International Journal of Korean History (Feb 2018)
“A Thorough Study of the Spanish Influenza”: How Japanese Party Politics and Ministerial Conflicts Reduced the Pandemic
Abstract
When the Spanish Influenza hit Japan from 1918 to 1920, it revealed deep cleavages within the governmental ministries as well as in the scientific community. It posed an incomprehensible problem while causing massive demographic damage that the existing system of emergency protocols could contain. To redress the situation, in 1920, Matsushita Teiji, a former physician and a non-partisan member at the 43rd House of Representatives, proposed to establish a research institute dedicated to the study of the flu. The proposal resulted in the formation of a special committee with most of its discussants prominent members of the scientific community. Yet, over the five meetings the committee held, the committee reduced its mission from building an institute to conducting “a thorough study.” The catastrophe, comparable to a natural disaster worsened by the lack of a preventive system, was rendered into a social problem that merely required a “study” to find solutions.

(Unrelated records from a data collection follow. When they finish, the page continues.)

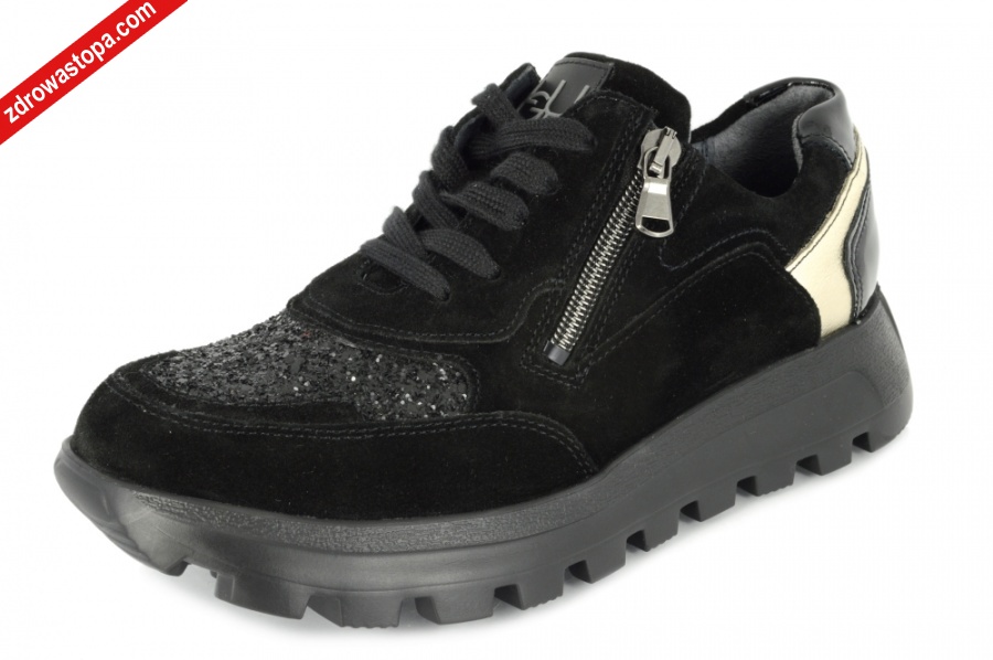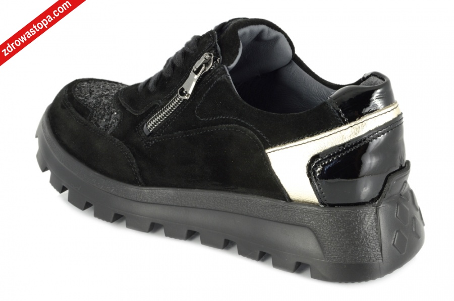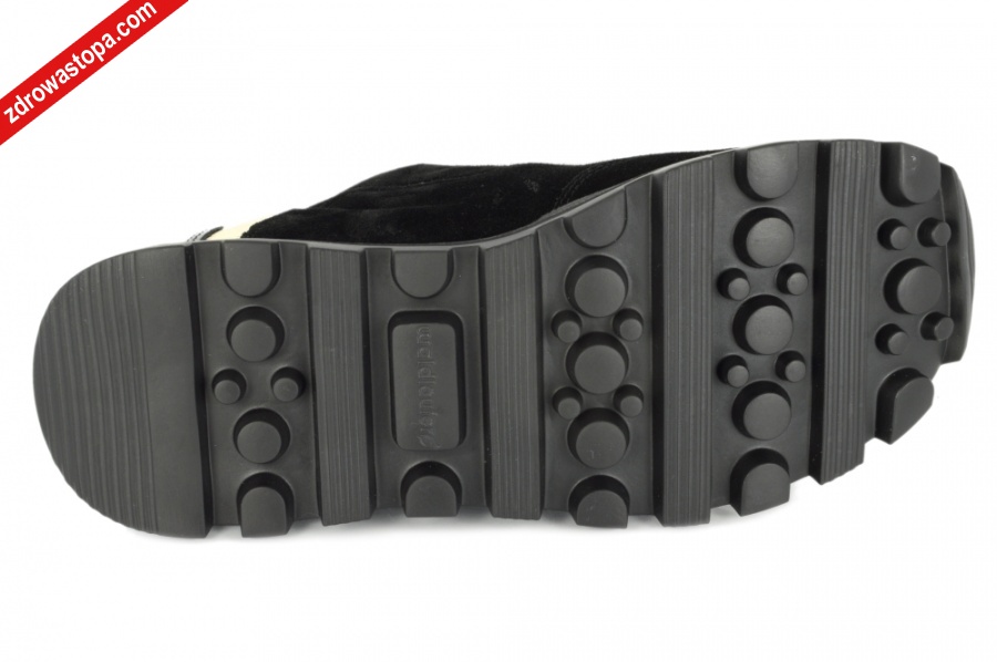 Typ: półbuty damskie Kolor: czarny – schwarz Materiał wierzchni: skóra zamszowa Wnętrze buta: z naturalnej bawełny Wysokość klinu: 40 mm Dodatkowe informacje: Duża tęgość H przeznaczona jest dla Pań z wysokim podbiciem. Wyjmowana wkładka daje możliwość wymiany na własną wkładkę ortopedyczną. Buty wykonane z miękkiej skóry, zapewniają komfort użytkowania. Solidna podeszwa amortyzuje mikro – wstrząsy. Suwak z boku ułatwia zakładanie. Opracowano kształt buta w taki sposób, że wizualnie wrażenie jest szczuplejszej tęgości.
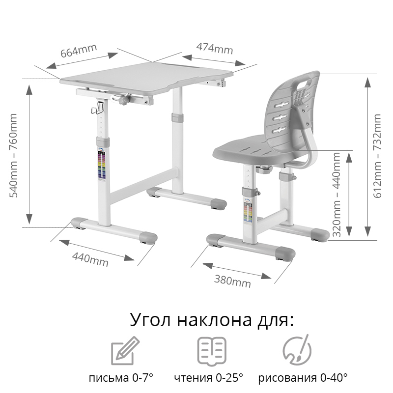 Комплект парта + стул, Парта Трансформер FunDesk OMINO, 66х47х76 см
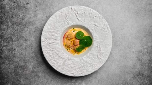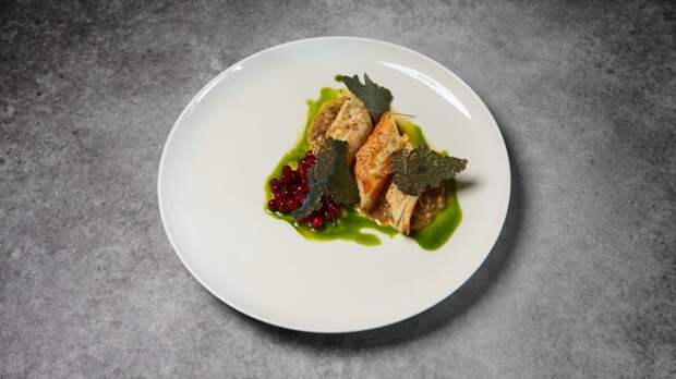 Горячую закуску из нежного морского гребешка, обжаренного на масле нуазетт (2290 р.), шеф дополняет толокном, пюре из кукурузы и соусом из печёной тыквы. Яркие вкусовые и текстурные акценты в блюде расставляют кедровые орешки, стебли щавеля, пудра из сушёной брусники и листья настурции.
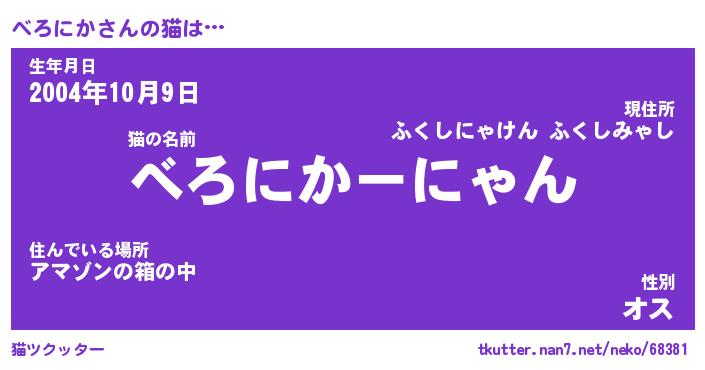 | 生年月日? …「くろねこ」 | 8月01日 10:16 |
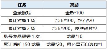 活动期间,消耗龙晶*10在【商城】-【道具】购买【龙晶福袋】,打开福袋有机会获得皮肤自选箱、表情自选箱等惊喜好礼哟。
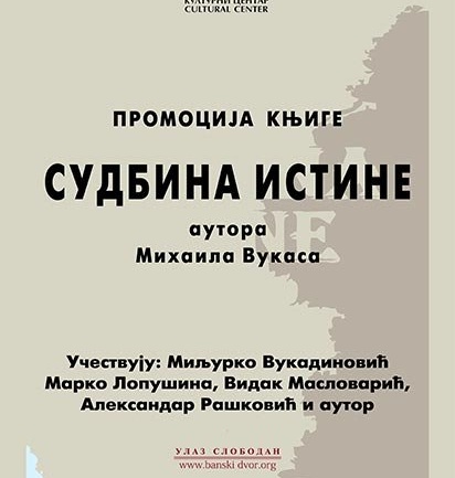 У Вијећници Банског двора 02. септембра 2016. године (петак) у 19,00 часова биће промовисана књига "Судбина истине", аутора Михаила Вукаса,

By reconstructing the skirmishes at the committee meetings and the relationships among the discussants, this paper shows how the reduction took place within the context of 1920s’ party politics and the bureaucratic system managing medical science. Contrary to the façade of structural stability that some historians and itself promoted, the Japanese state in the story of the Spanish Influenza exhibits a wobbly amalgam of fragmentary party interests and incoherent ministerial authorities.